MINI has now become firmly established in international rally sport. Spectacular performances by the MINI John Cooper Works WRC developed on the basis of the MINI Countryman in selected rounds of the FIA World Rally Championship (WRC) enabled the brand to continue its success story in rally sport during 2011 and 2012. The MINI ALL4 Racing was designed specifically for marathon rallies and this took up a further particularly special sporting challenge. In 2012, MINI and motor-sport partner X-raid entered the Dakar Rally, the ultimate endurance test for drivers, vehicles and teams. The performance and reliability of the MINI ALL4 Racing resulted in back-to-back Dakar victories in the years 2012, 2013, 2014 and 2015. In 2016, MINI won the category of All-wheel Drive Vehicles in this rally.

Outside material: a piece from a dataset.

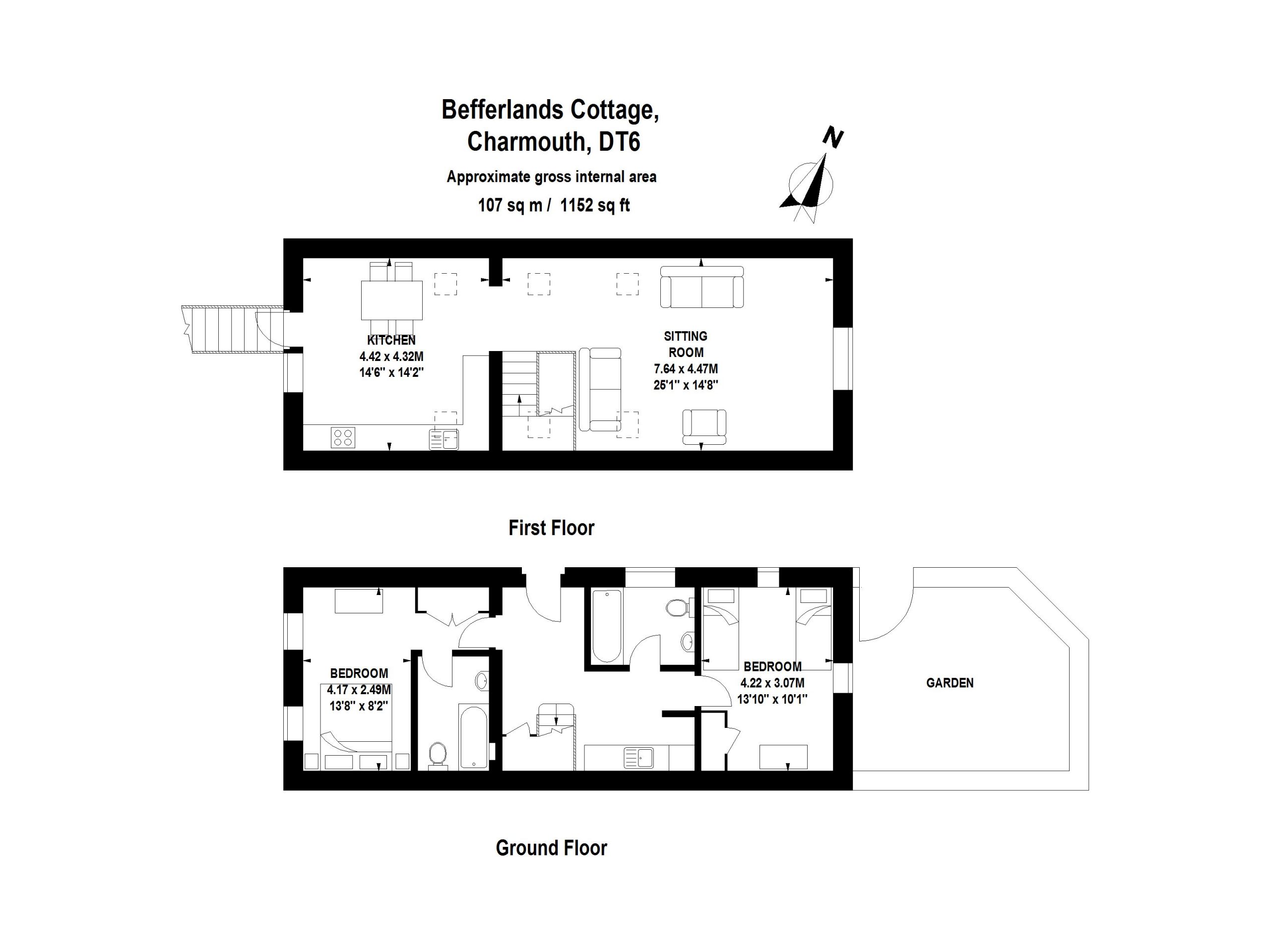 Befferlands Cottage is a converted two-story barn which provides a wonderful and peaceful rural retreat for couples or a family. The well-appointed interior benefits from a very spacious sitting room with high vaulted ceilings which leads to an open plan fully equipped kitchen and dining area. The sitting room benefits from a huge picture window which allows light to flood in and the kitchen has the advantage of a stable door. There are two stylish bedrooms both of which benefit from their own bathrooms. A double with an ensuite bathroom with both bath and shower and a twin room with its own bathroom right next door, again with bath and shower. Both bedrooms are recently refurbished and have ample wardrobe space. The cottage has its own parking and a small private garden perfect for a barbeque.

MINI also demonstrated in the FIA Cross-Country Rally World Cup how one success leads to another. The first win in the World Cup 2012 was repeated in three successive years (2013 – 2015). In 2017, the new MINI John Cooper Works Rally participated for the first time in this competition and in the Dakar Rally. In 2018, it won a further title in the FIA Cross Country Rally World Cup.

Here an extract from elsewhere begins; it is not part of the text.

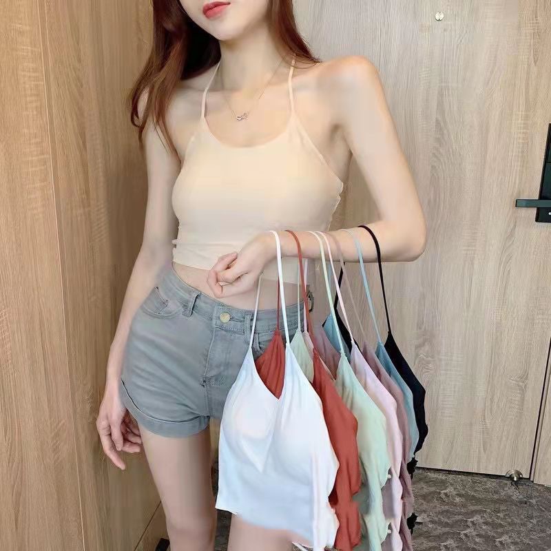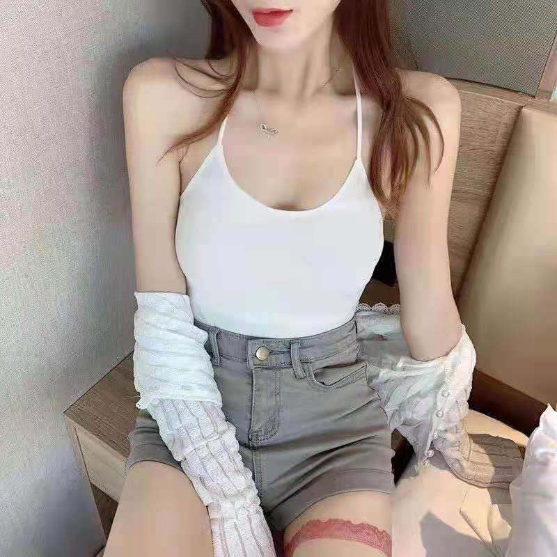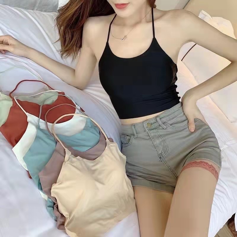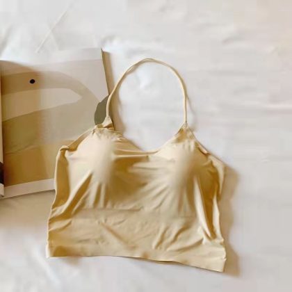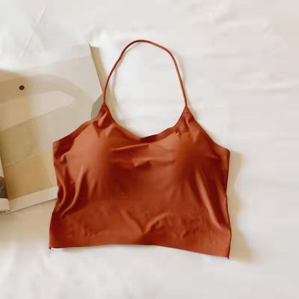 Summer Ice Silk Wrap Chest Hanging Neck Beauty Back Traceless Base Inner Bodywork Outer Wear Cross Design Short Underwear for Women

John Cooper Works – the epitome for extreme driving pleasure in the MINI.
John Cooper Works guarantee outstanding performance not only on the race track, but also on the road. Even back in the 1970s, John Cooper Works Tuning Kits for production versions of the Mini were very popular and even back then the classic Mini equipped with such special features and components was able to show its most outstanding virtues both visually and in technical terms. The same applies to the tuning kits for the MINI Cooper S and the MINI Cooper successfully introduced after the re-launch of the brand and available in the market under the label of John Cooper Works. The current range of John Cooper Works accessories comprises lightweight alloy wheels, ventilated brake disks, integrated tailpipes and other retrofit products for the exterior and the interior in the appropriate selection for each model.
Furthermore, the performance-oriented character of the brand is embodied by four extremely sporty MINI models. The most important common feature of the elite athletes is the power-unit and chassis engineering derived from motor sport which is combined with the aerodynamically optimised body attributes. The extreme athletes in the small-car segment, the MINI John Cooper Works and the MINI John Cooper Works Convertible, are powered by a 170 kW/231 hp four-cylinder turbo engine. A 225 kW/306 hp four-cylinder turbo power unit delivers superb performance attributes in the latest versions of the MINI John Cooper Works Clubman and the MINI John Cooper Works Countryman.
In the anniversary year, another guarantee for extreme driving fun and unalloyed motor-sport passion is on the way to the starting line. In the summer of 2019, a prototype of the new MINI John Cooper Works GP completed intensive test drives on numerous race tracks throughout the world. This vehicle will also be powered by a four-cylinder engine packing in excess of 220 kW/300 hp. Its appearance with large air scoops, an independent design for the front and rear aprons and a striking roof spoiler gives an inkling of the outstanding high-performance characteristics. During test drives round the legendary North Loop of the Nürburgring, it actually completed the lap in less than eight minutes.
4. MINI all the way – always different.
Customize to your personal taste.
Driving a MINI is not just a matter of getting from A to B, but rather an expression of your own personal style. And indeed, the many options to customise the MINI give the enthusiast a wide range of opportunities in bringing out his – or her – personal taste and preferences. Offering a wider range of features and highlights and going into greater detail than any other manufacturer of small and compact cars, MINI gives the customer the freedom to bring out his or her individual style and choice on the car, an exceptionally wide range of exterior and interior colours, seat upholstery and trim variants setting the foundation for a personal configuration tailored to the driver.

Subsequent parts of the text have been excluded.